TASK INSTRUCTIONS: Restrict the output to the lines below starting at the one that contains "掌上梅州讯 日前,广州市荔湾" and ending at the one that contains "ob ,才能继续看跌。 BTC 也才能继续看涨", and restate them word for word, both ends included.

INFORMATION:
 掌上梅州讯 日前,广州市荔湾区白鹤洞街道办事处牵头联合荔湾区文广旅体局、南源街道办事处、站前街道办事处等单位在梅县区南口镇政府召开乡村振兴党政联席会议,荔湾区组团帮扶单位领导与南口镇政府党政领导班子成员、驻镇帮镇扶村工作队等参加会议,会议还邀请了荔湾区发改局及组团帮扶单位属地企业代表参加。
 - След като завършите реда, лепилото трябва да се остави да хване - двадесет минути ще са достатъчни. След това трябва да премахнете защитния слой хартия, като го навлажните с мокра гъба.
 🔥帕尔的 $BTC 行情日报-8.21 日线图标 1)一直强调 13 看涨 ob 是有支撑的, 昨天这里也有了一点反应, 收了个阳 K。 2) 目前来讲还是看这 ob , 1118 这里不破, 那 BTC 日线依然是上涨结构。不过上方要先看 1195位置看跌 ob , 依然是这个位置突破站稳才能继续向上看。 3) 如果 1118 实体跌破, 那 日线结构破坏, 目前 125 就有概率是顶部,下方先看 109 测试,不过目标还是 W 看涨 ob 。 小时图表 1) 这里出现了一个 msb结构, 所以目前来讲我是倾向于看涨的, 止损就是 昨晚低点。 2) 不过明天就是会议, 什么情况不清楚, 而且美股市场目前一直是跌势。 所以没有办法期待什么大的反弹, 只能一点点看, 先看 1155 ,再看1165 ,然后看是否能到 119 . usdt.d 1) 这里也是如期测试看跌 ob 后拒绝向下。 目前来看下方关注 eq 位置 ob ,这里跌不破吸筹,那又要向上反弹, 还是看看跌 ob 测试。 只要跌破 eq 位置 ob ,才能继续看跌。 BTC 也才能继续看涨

* * *

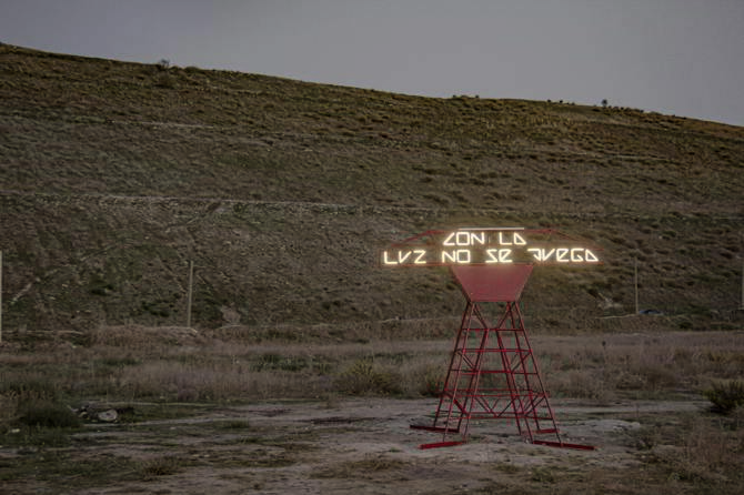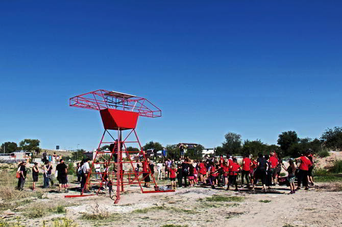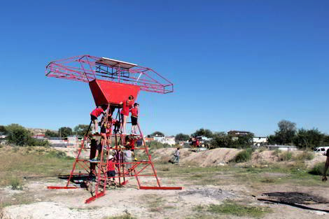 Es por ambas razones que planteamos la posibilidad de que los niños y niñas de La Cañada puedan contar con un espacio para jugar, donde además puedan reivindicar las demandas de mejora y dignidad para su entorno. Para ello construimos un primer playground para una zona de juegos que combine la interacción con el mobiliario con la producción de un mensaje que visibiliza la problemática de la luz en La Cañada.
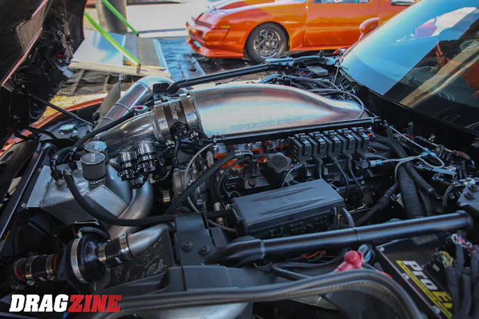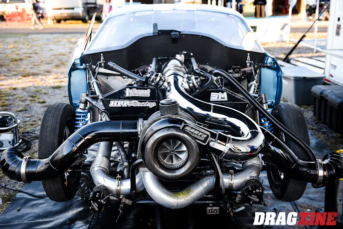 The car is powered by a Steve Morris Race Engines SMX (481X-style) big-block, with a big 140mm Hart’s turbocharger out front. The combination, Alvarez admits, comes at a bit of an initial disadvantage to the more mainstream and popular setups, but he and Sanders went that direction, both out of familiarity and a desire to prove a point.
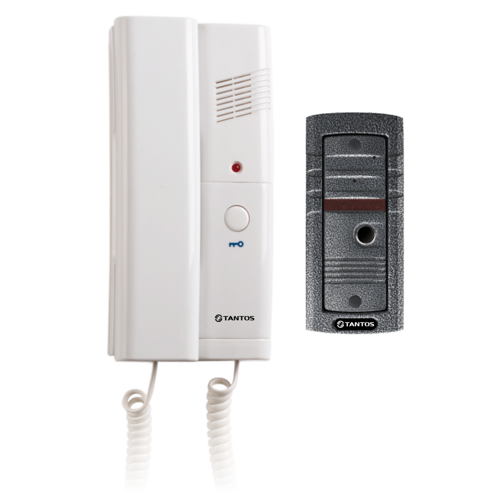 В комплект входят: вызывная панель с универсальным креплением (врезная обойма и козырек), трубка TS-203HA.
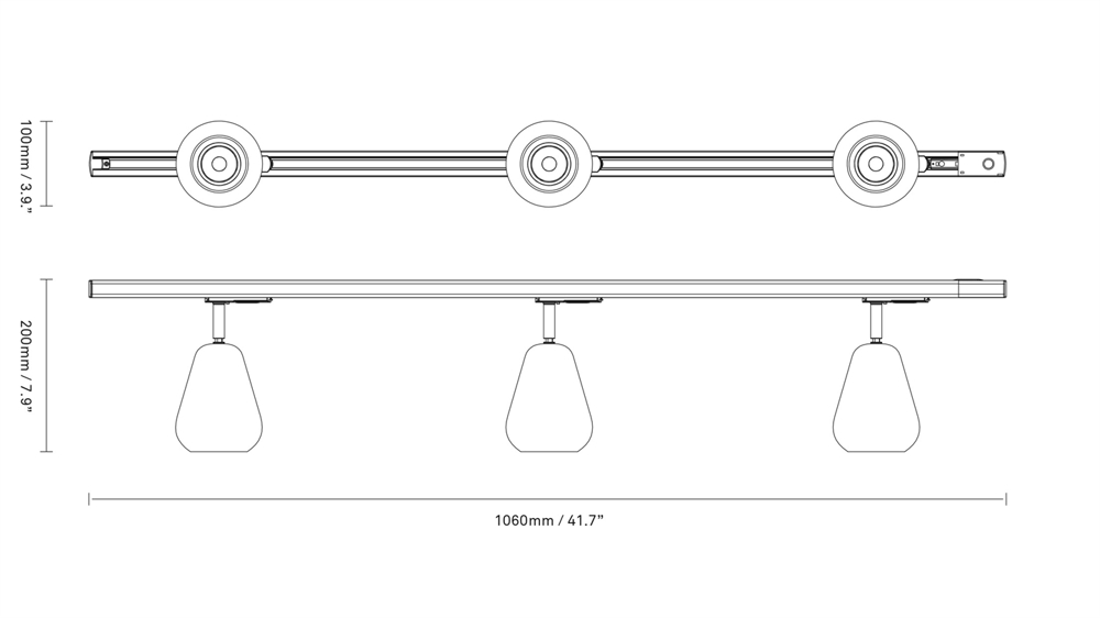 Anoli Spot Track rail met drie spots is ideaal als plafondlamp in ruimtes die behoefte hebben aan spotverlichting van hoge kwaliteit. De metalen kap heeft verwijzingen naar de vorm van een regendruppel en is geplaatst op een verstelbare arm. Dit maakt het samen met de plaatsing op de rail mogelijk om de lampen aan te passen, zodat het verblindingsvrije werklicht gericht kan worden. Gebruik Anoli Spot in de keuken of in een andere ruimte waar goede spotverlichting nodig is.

EXERCISE SOLUTION:
 掌上梅州讯 日前,广州市荔湾区白鹤洞街道办事处牵头联合荔湾区文广旅体局、南源街道办事处、站前街道办事处等单位在梅县区南口镇政府召开乡村振兴党政联席会议,荔湾区组团帮扶单位领导与南口镇政府党政领导班子成员、驻镇帮镇扶村工作队等参加会议,会议还邀请了荔湾区发改局及组团帮扶单位属地企业代表参加。
 - След като завършите реда, лепилото трябва да се остави да хване - двадесет минути ще са достатъчни. След това трябва да премахнете защитния слой хартия, като го навлажните с мокра гъба.
 🔥帕尔的 $BTC 行情日报-8.21 日线图标 1)一直强调 13 看涨 ob 是有支撑的, 昨天这里也有了一点反应, 收了个阳 K。 2) 目前来讲还是看这 ob , 1118 这里不破, 那 BTC 日线依然是上涨结构。不过上方要先看 1195位置看跌 ob , 依然是这个位置突破站稳才能继续向上看。 3) 如果 1118 实体跌破, 那 日线结构破坏, 目前 125 就有概率是顶部,下方先看 109 测试,不过目标还是 W 看涨 ob 。 小时图表 1) 这里出现了一个 msb结构, 所以目前来讲我是倾向于看涨的, 止损就是 昨晚低点。 2) 不过明天就是会议, 什么情况不清楚, 而且美股市场目前一直是跌势。 所以没有办法期待什么大的反弹, 只能一点点看, 先看 1155 ,再看1165 ,然后看是否能到 119 . usdt.d 1) 这里也是如期测试看跌 ob 后拒绝向下。 目前来看下方关注 eq 位置 ob ,这里跌不破吸筹,那又要向上反弹, 还是看看跌 ob 测试。 只要跌破 eq 位置 ob ,才能继续看跌。 BTC 也才能继续看涨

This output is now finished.